Sunday, May 4, 2014

Cash or Credit?

     When you arrive to Philly, a whole new world of museums, shopping, and dining opens in front of you. But to fulfill all your plans you need to be ready financially. If you have enough cash, you are probably covered. But is it safe to always carry $100, $200 on you being prepared to buy something in case of emergency?
And let's face the reality, America is a debit/credit card country. You can pay with card almost everywhere, even the cab. An amazing thing is that you can even leave tip from your card by writing a number on a check. And if you go out with a big party, the waiter will (maybe not always easily especially because of your foreigner English) split the check by 6, 8, 10 parts and then put 2 parts for couples and 1 part for singles. Sooner or later you will need a card.
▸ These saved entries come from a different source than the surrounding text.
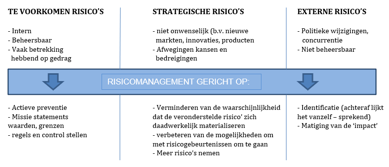 Voor het typeren van de risico’s gebruiken we het model van Kaplan waarin de risico’s worden ingedeeld op basis van de mate waarin beheersing mogelijk en wenselijk is. Daarbij wordt een 3-tal soorten risico’s onderscheiden: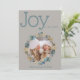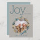 Trending shades of dusty blue and gold philodendron foliage surrounding a round photo frame with a mushroom grey background. Joy to the World in contemporary font (which you can change if you like) . Easy to customise - the reverse is a second place for a favourite photo, ideal for your friends and family to frame!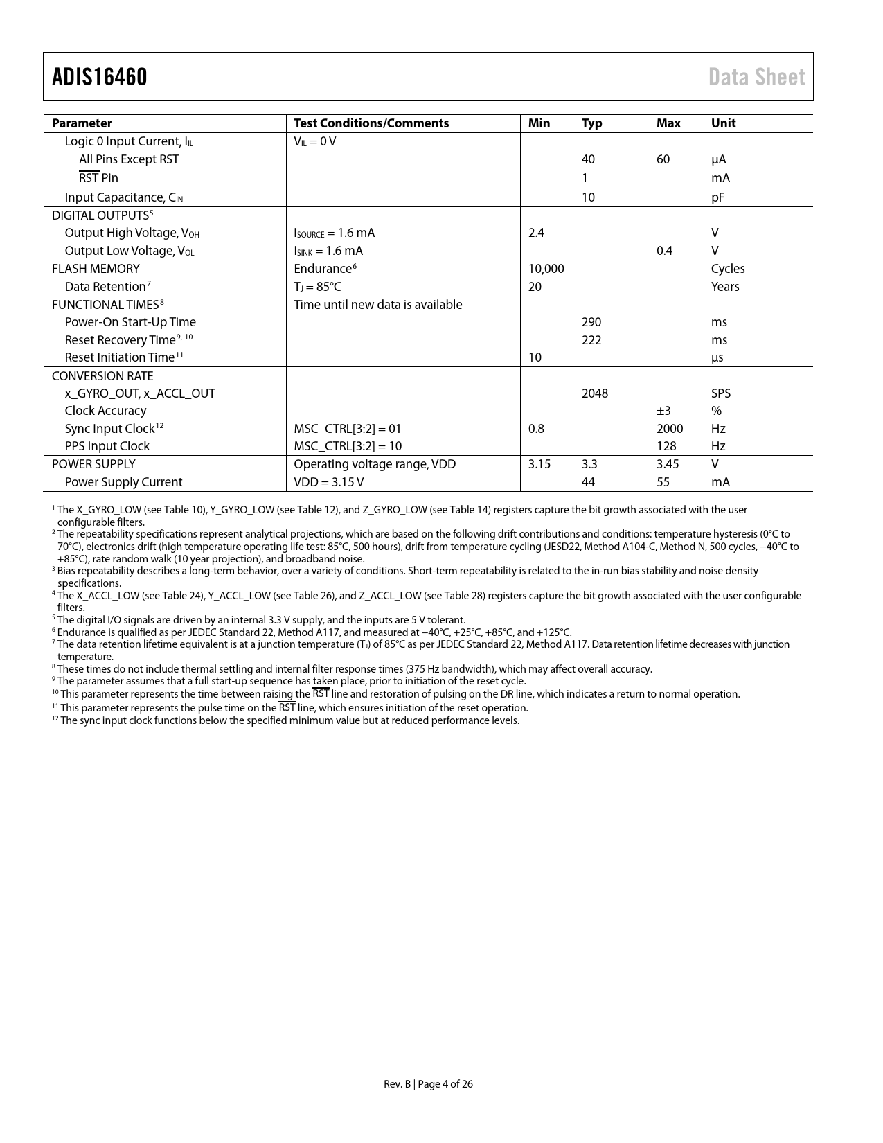 ADIS16460 Data Sheet Parameter Test Conditions/Comments Min Typ Max Unit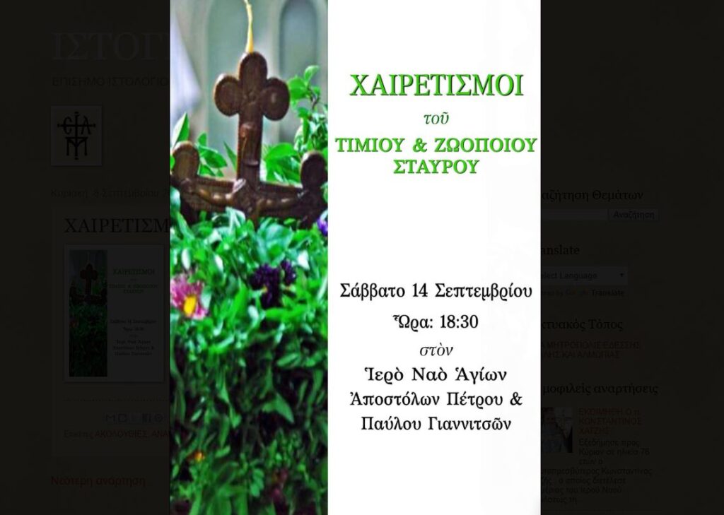 Το Σάββατο 14 Σεπτεμβρίου 2019, στις 6.30 μ.μ. μετά το πέρας του Εσπερινού στον Ιερό Ναό Αγίων Αποστόλων Πέτρου και Παύλου Γιαννιτσών, θα τελεσθεί η ακολουθία των Χαιρετισμών του Τιμίου και Ζωοποιού Σταυρού.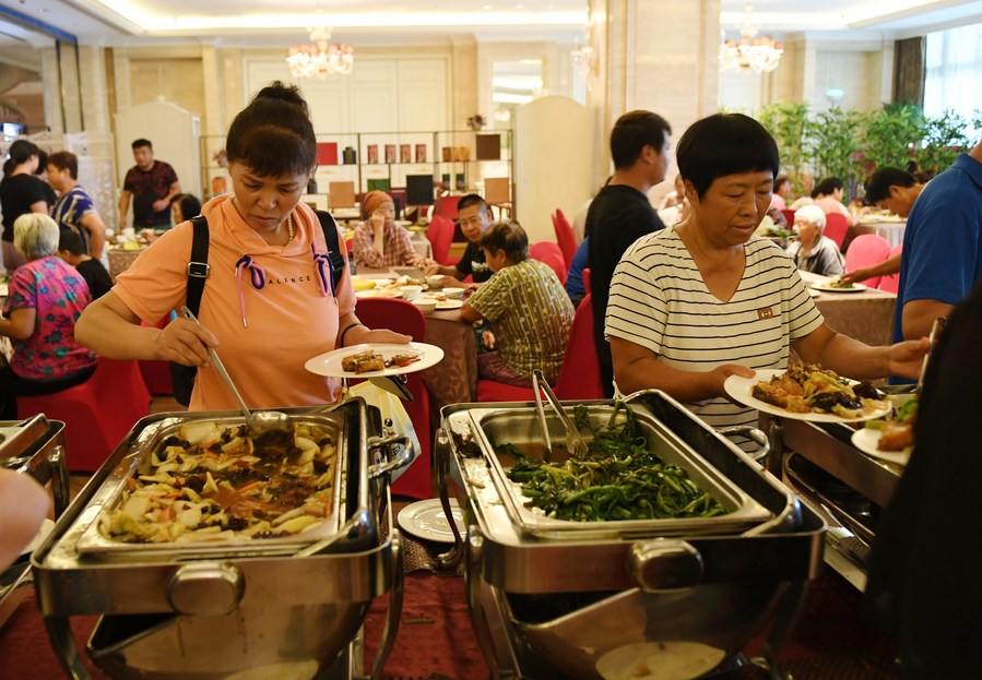 Villagers of Qinglonghu Town have meal at a temporary shelter after being evacuated from flood-hit areas in Fangshan District, Beijing, Aug. 1, 2023. (Xinhua/Zhang Chenlin)
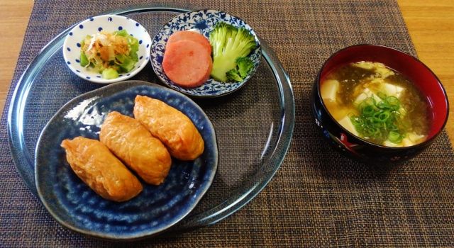 W炭水化物断念したけど豆腐ともずくのお味噌汁うまうま☆稲荷寿司♪☆♪☆♪ : 水は方円の器に随うⅢ。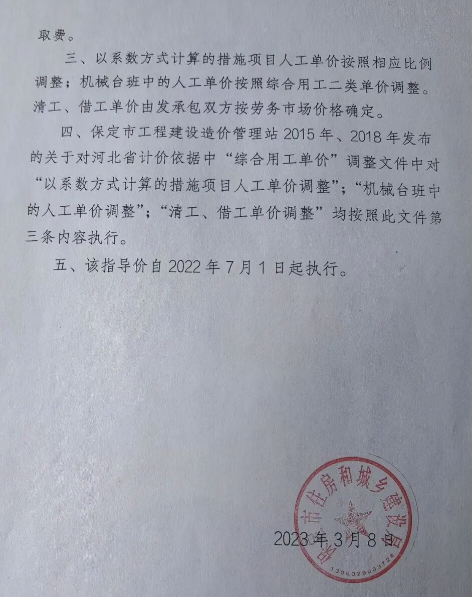 四、保定市工程建设造价管理站2015年、2018年发布的关于对河北省计价依据中“综合用工单价”调整文件中对“以系数方式计算的措施项目人工单价调整”;“机械台班中的人工单价调整”;“清工、借工单价调整”均按照此文件第三条内容执行。

      If you decide to have a debit card, you need to open an account in a bank. To open an account without Social Security Number or without a job is not easy, and there are a lot more documents to be provided. But don't worry, after all you are an expat wife and you came here because of your husband, so go to the bank together and add your name to his account so you can have a joint account (side plus: from that moment on, you will have access to all his money) ;-). In order to have a joint account you just need to provide your home passport. The very same day you can have a temporary card while they will mail the permanent to your address. To use the card you might need some kind of identification. If you still don't have any American ID (you can read how to get one in our post "Your ID Please"), you should carry your passport with you. Or you can use debit card customizing option offered now by many banks. As I did, you can put your picture on it. Of course, it's not an official ID, but it will work most of the times (as a matter of fact, they never ask my ID for this card).
     Next step is a credit card. If you are here for some time, you have probably heard expressions like credit score and credit history. If you have long terms plans here in U.S., you better start building your credit history. In Russia it was easy, if you have a good salary, you never had credit and you don't have any pending debt, you could easily get car credit or mortgage, because you are "clean". Instead here, you can expect only minimum amount for the first-time credit. Anyway, as soon as you get a job, you can try to apply for "simple" credit card. Many institutions have cards that allow to re-build or start a credit history. By saying "simple", I mean that some credit cards are easier to get than others. Credit cards normally provide to the consumers several bonuses (like cash back, rewards points, airfare miles, etc.) the better, more tempting and greater are the rewards, the higher are the requirements for the applicant. For example, it's hard to get an American Express or miles rewards credit card from your airline (i.e. US Airways, Delta, etc). Most of credit cards application can be done on the institution website, and the decision time may vary: for basic cards it can be few minutes, for harder ones you'll get an answer by mail in several days . Never apply for several credit cards at once: when your credit-ability is being checked by more than one bank at the same time, it means that your shopping for credit because you need it and that might not be good for your application. Also, when requesting a credit card, your credit score is checked: every inquiry reduces your credit score a bit.
     In case your application is rejected, there is a way: secured credit card. You basically deposit your own money in a credit institution and they issue to you a guaranteed credit card. As soon as you got your first credit card, manage it carefully and use only 1/3 of your available credit. 1/3 of your credit is a recommended utilization ratio in order to build a good credit history. And yes, credit cards issued by shopping retailers, as Macy's, Bloomingdale and many others, may seem "simple" to get, because they are offered every time you do shopping, but they are very poor credit cards, with extremely high interest rates, and you definitely don't want them to build your own credit history. The length of your line of credit is a major factor in your credit score: you should never cancel your older credit card. That is why the choice of your first credit card is extremely important. You don't want to go for a "shopping" one. Anyway, when you start using your very own credit card every month and pay it every month on time, this should allow your credit score to improve and therefore, even if you started with little credit limit this should increase over time. Little tips: set the payment of recurring bills on your card, for example your phone bill, and set up automatic payments of your balance, they both look good for your credit history. As a matter of fact, after using my first credit card just for several months my credit score improved and without asking I got a limit increase; and bunch of other credit card companies started to mail their applications to my home address, including the more rewarding cards I wished before. So now when we are thinking about mortgage, me and my husband, both having a good credit score, can apply with joint income and have stronger application. 
     Finally, coming back to our cash/debit discussion, there are still places where you can pay only cash or there is a card minimum , but don't worry, we're in America, no merchant wants to loose your business: in these places you will definitely find ATM either near or even inside of the store, salon, etc. Only remember about tolls, if you drive a car and don't have EZpass, you can pay only cash!!! If you don't have any you will need to wait for an officer, who will issue you a ticket and you pay later online or with a check. So my advise is: get a card and carry $20 cash.